Hepatosit Büyüme Faktörü
Hepatosit Büyüme Faktörünün (HBF) kas dokuda dahil olmak üzere organizmada bir çok dokuda mitojenik etkilere sahip olduğu ifade edilmektedir. Ancak, bu noktada HBF hakkında bilinmesi gereken en önemli özellik, uyku durumunda (deaktif) olan uydu hücrelerinin aktifleşmesi veya uyanması için kritik role sahip olmalarıdır.
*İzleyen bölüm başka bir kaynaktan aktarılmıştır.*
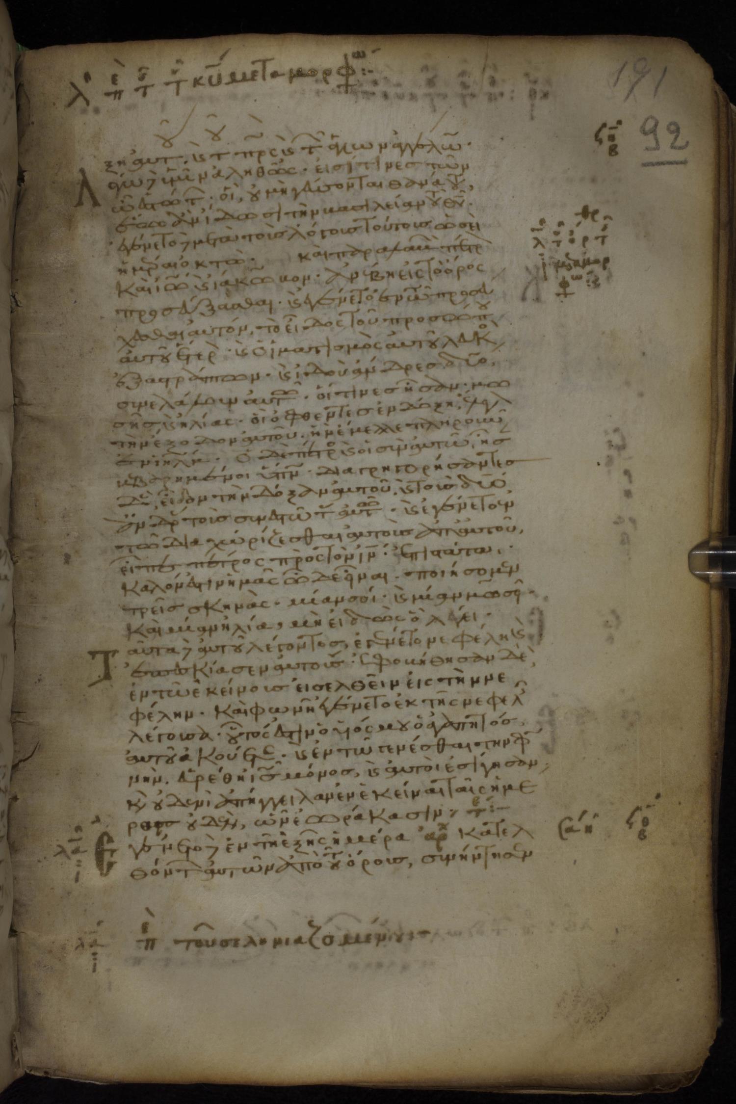 Eleventh century minuscule of the Gospels, the Apostolos, and Paul on parchment; 318 leaves, 1 column, 34 lines per column. Images were taken at the National Library of Greece in Athens.

Direnç antrenmanları nedeniyle artan kas kasılması nitrik oksit sentezini arttırarak hücre dışı matrikste bulunan HBF aktivitesinde değişikliklere neden olmakta ve böylece uyku durumunda bulunan uydu hücrelerinin aktifleşmesini sağlamaktadır (Adams, 2010; Adams ve Bamman, 2012). Artan kas kasılmasının indüklediği (uyardığı) HBF aktivitesi, düzenli egzersiz yapan kişilerde uydu hücre aktivitesini arttırarak hipertrofik bir yanıta neden olacağı düşünülmektedir.